At the Library:
- Through mid-April: AARP Foundation’s free tax help on Tuesdays, Thursdays, and Saturdays 10 a.m. – 2 p.m.
- Thursday, April 10 at 5 p.m.: “Aging Eyes” is the topic of this month’s Take Note Sedona lecture series, with board-certified ophthalmologist David Deutch, M.D. For more information on this event call 928-639-6551.
By Virginia Volkman, Library Director
Sedona AZ (April 4, 2014) – Inaugurated by the Academy of American Poets in 1996, National Poetry Month is now held every April, when schools, publishers, libraries, booksellers, and poets throughout the United States band together to celebrate poetry and its vital place in American culture.
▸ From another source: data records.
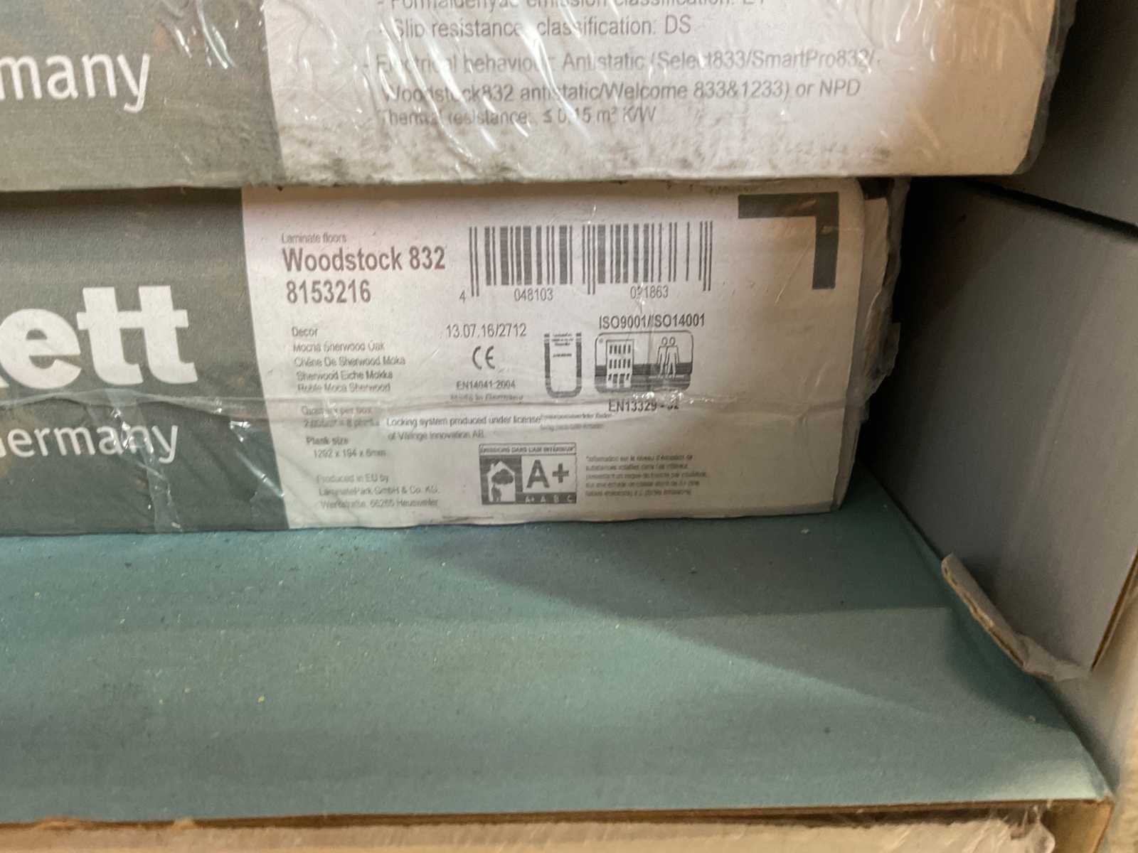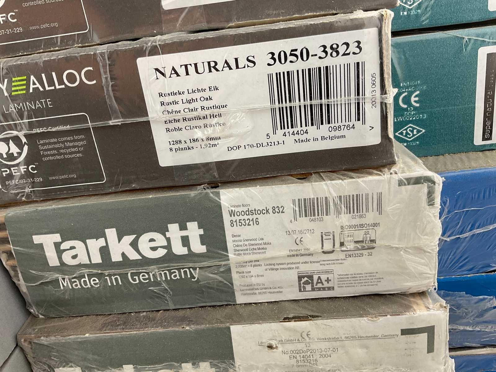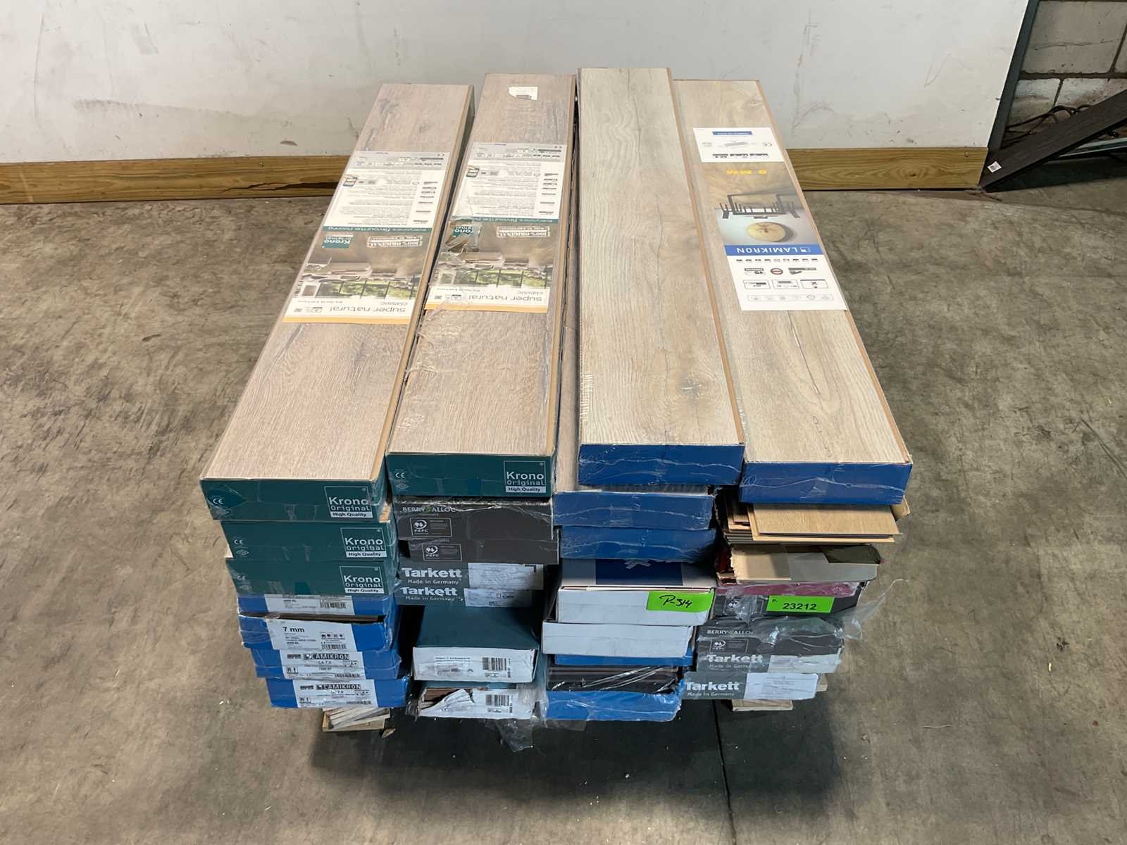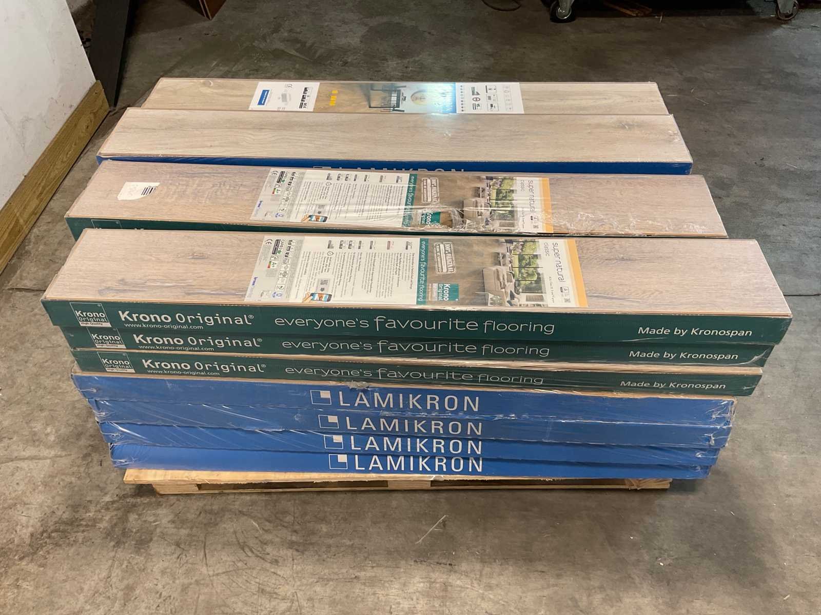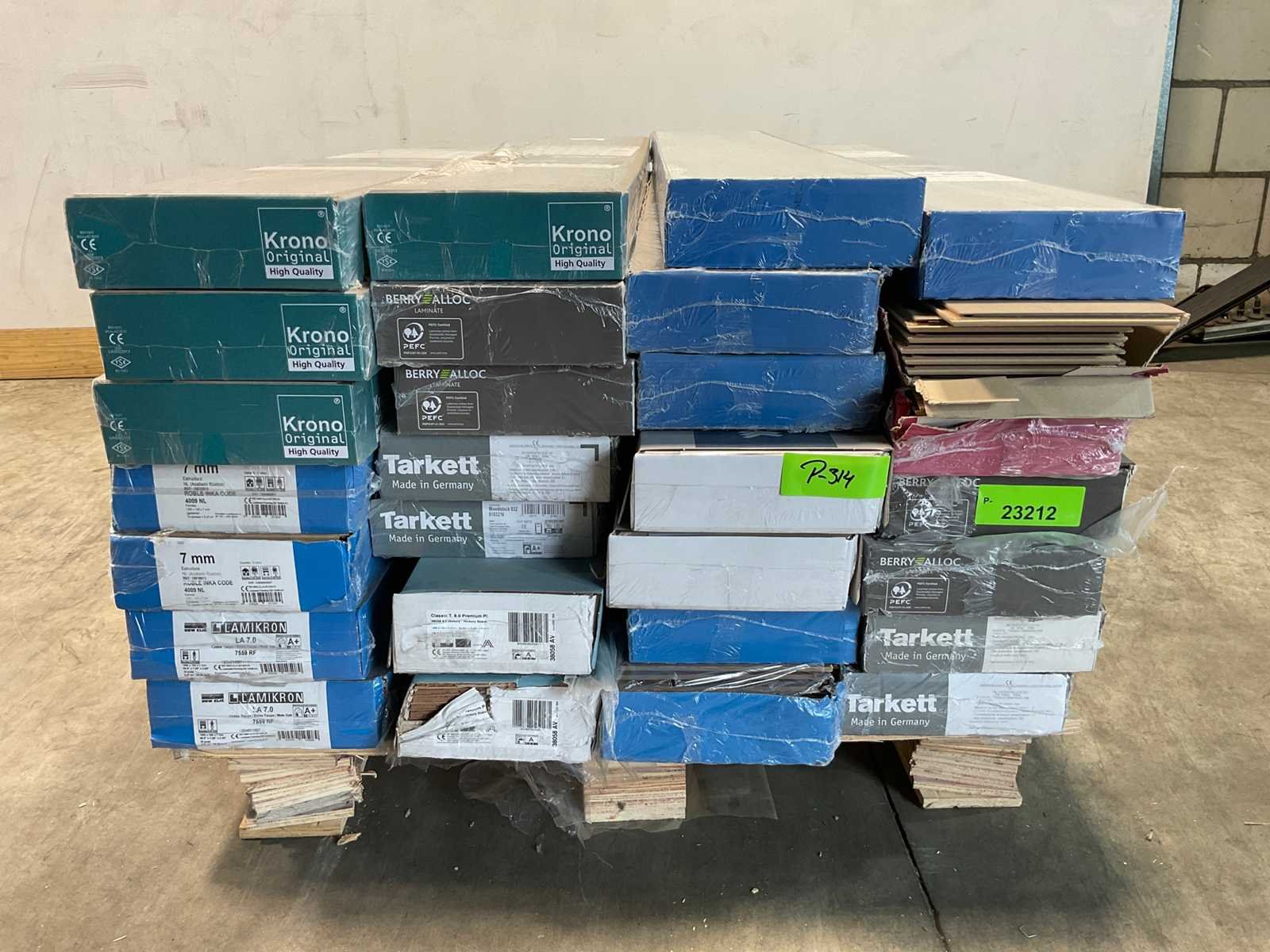 Mixpallet met diverse soorten laminaat – ongeveer 28 pakken, goed voor circa 62m². Bekijk de foto’s voor specificaties en details.
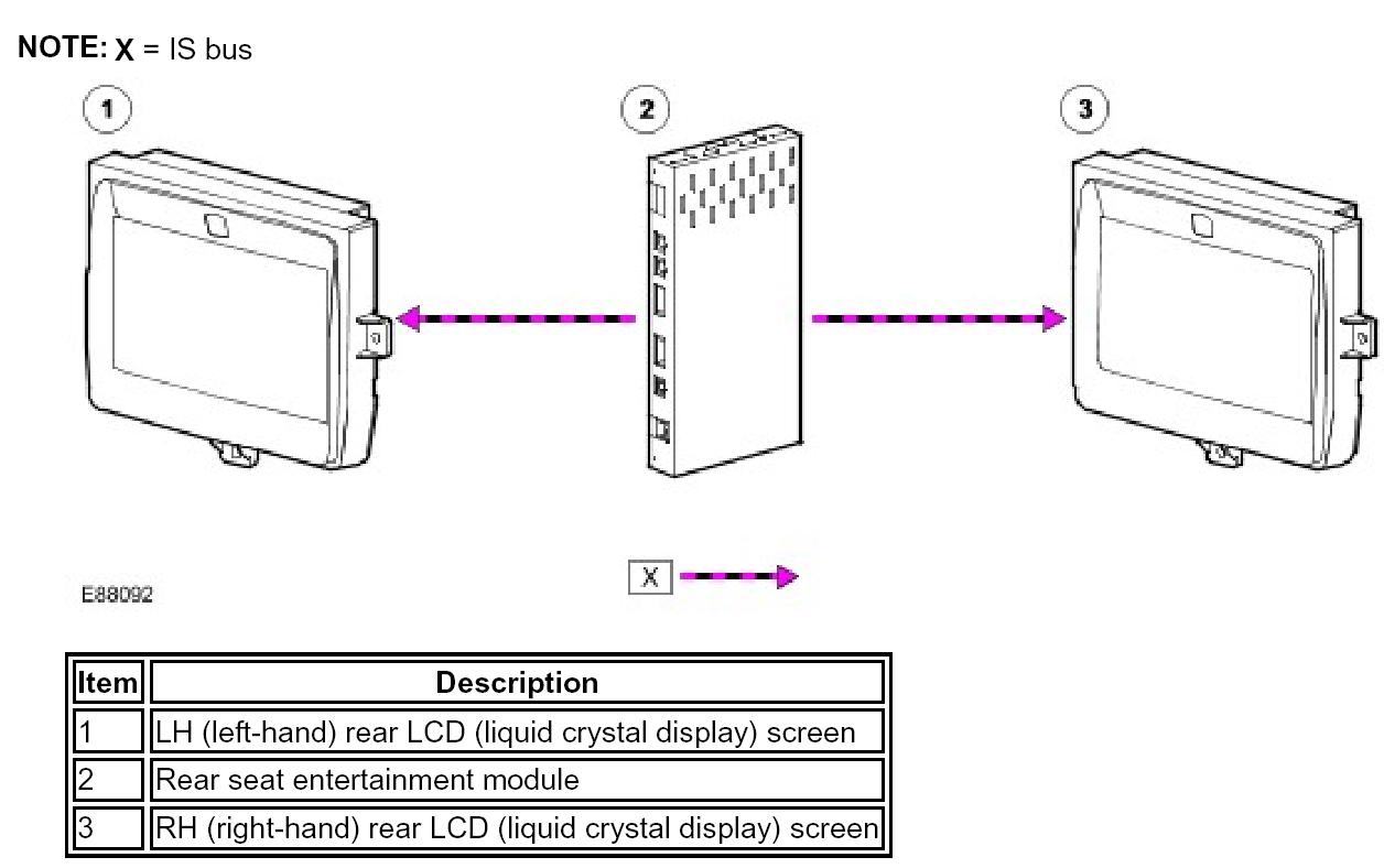 The IS bus is a dedicated Land Rover corporate network used to transfer information between the rear seat entertainment module and the two rear LCD (liquid crystal display) screens.
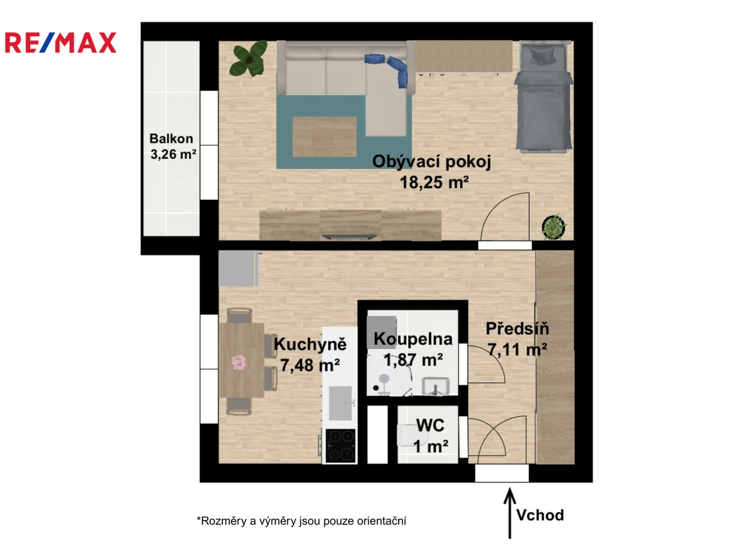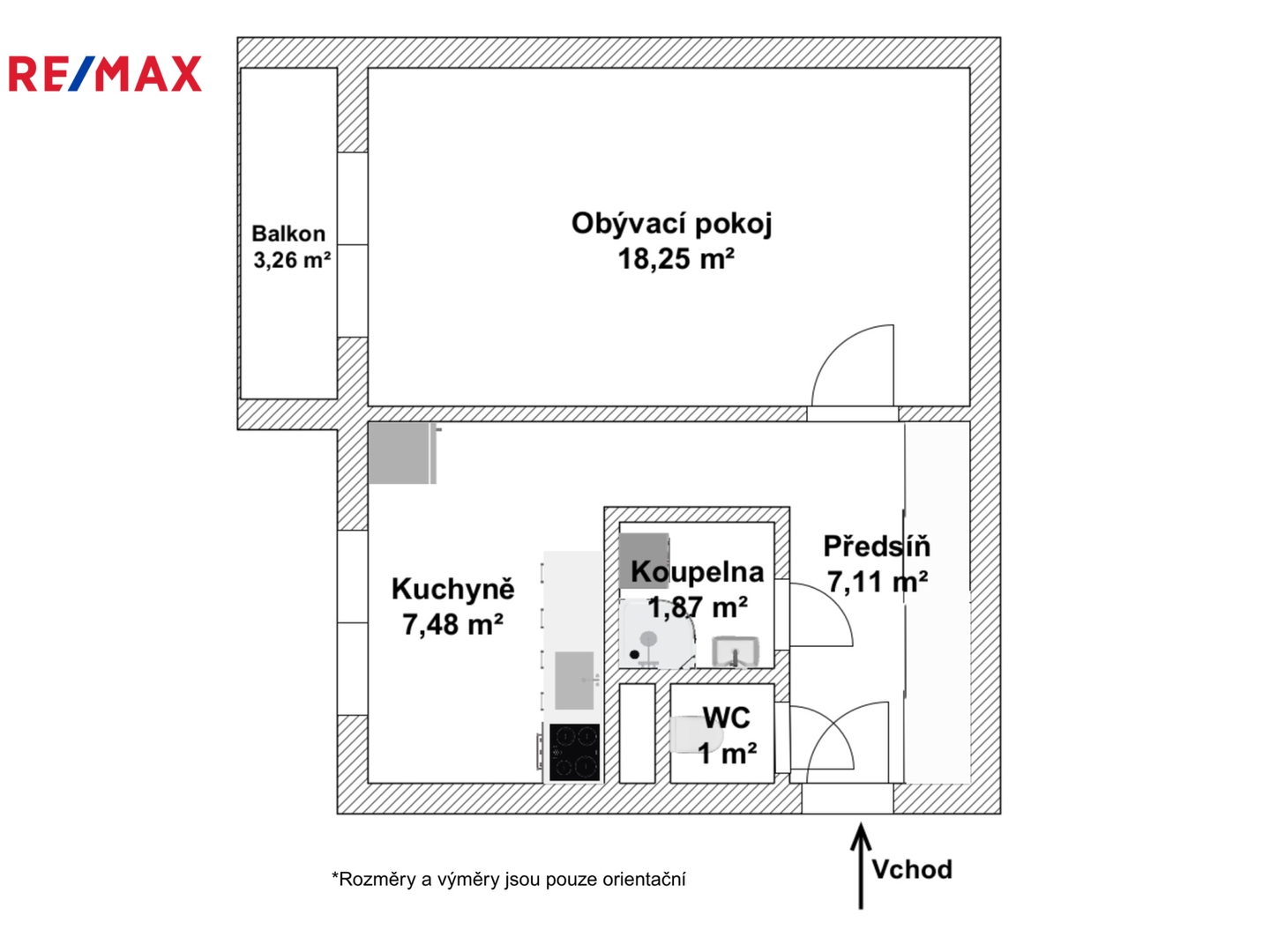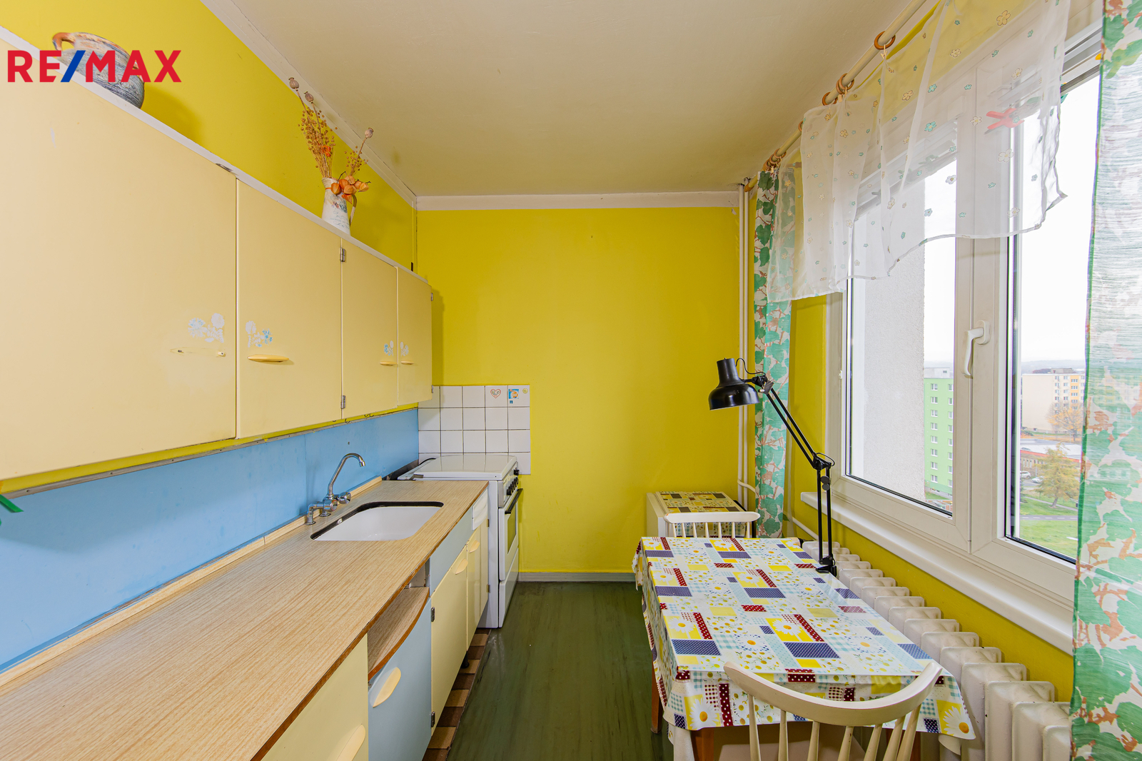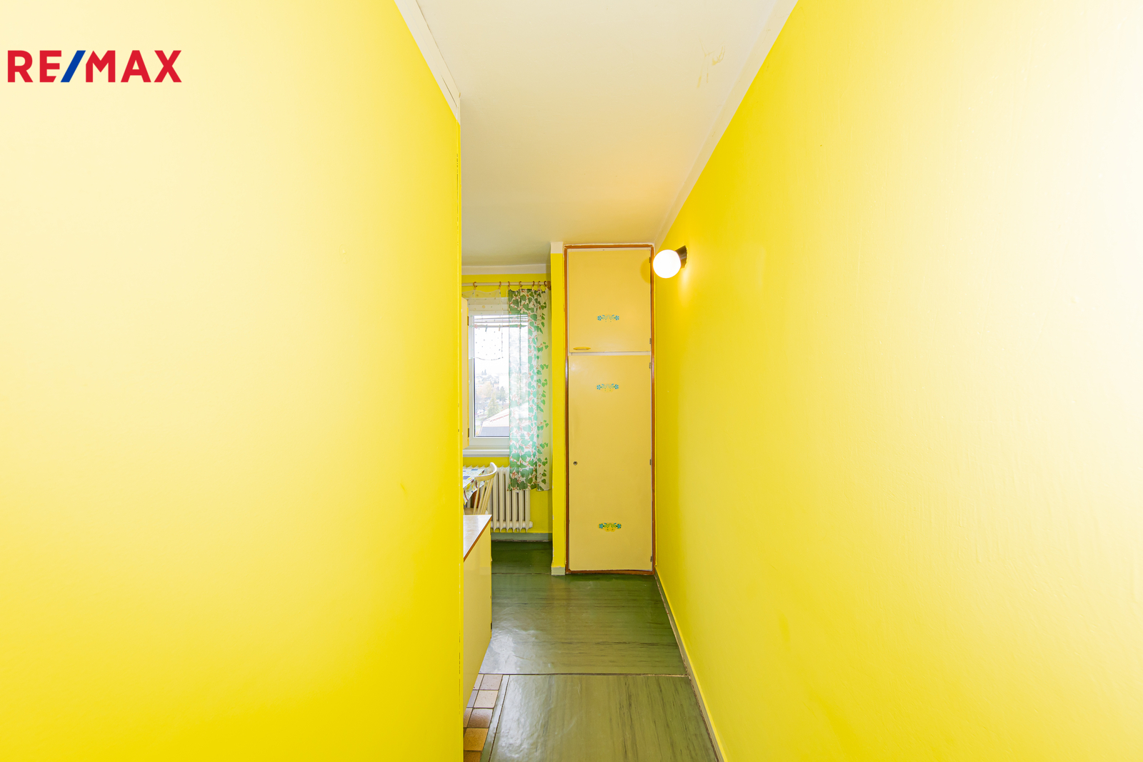 Byt o velikosti 36 m2 podlahové plochy, s balkonem 4,3 m2 a sklepní kójí 1 m2 se nachází v 9. z celkem 10. nadzemních podlaží zrekonstruovaného panelového domu s výtahem.

The website www.poets.org is promoting this year’s Poetry Month nationwide. One of their original ideas is “Poem in Your Pocket Day.” Join thousands of individuals across the U.S. and carry a poem in your pocket on April 24, 2014. Sedona Public Library invites you to take a poem from our display so that you’re prepared. Or contribute a poem written by your favorite poet or your own original poem.
For those interested in sharing their poetry, the Sedona Writing Salon is hosted by author Gary Every on the first and third Tuesday of each month, from 4 to 6 p.m. at the Library. Attendees read their works and offer constructive criticism to each other. Every Salon features a writing exercise, among other activities, and first-time authors have a great opportunity to receive considerate criticism. It’s also an opportunity for authors to exchange information and ideas about workshops, and discuss the works of favorite authors.
I recently had a conversation with local poet Mary Heyborne. Three books of Heyborne’s poetry are included in our collection, along with the works of many other local poets. Heyborne told me that she was inspired to write the poem “On the Dedication of Sedona Library” after attending the dedication of the library building on White Bear Road. The poem begins this way:
“From every corner of our town,
in demographic sweep,
we came—from young to very old—
with ‘promises to keep.’
Two solid arms of stone reached out
and drew us near the door
of something more than columns,
and roof, and walls and floor.
A dream come true had called us there.
We came to dedicate
our library—Sedona’s jewel—
and also celebrate
Our City’s namesake cast in bronze
placed at the entryway.
Sedona was to be unveiled
that crisp October day.”
The closing lines of the poem sum up Heyborne’s thoughts on that day in 1994, when a community came together after years of heated discussions over incorporation and the establishment of a local school district:
“These rites, expressing future hopes
born of a common past,
saw separateness, exalted to
community, at last!”
Stop by the Library during the month, or any time of the year and check out a book of contemporary poetry or one the classics.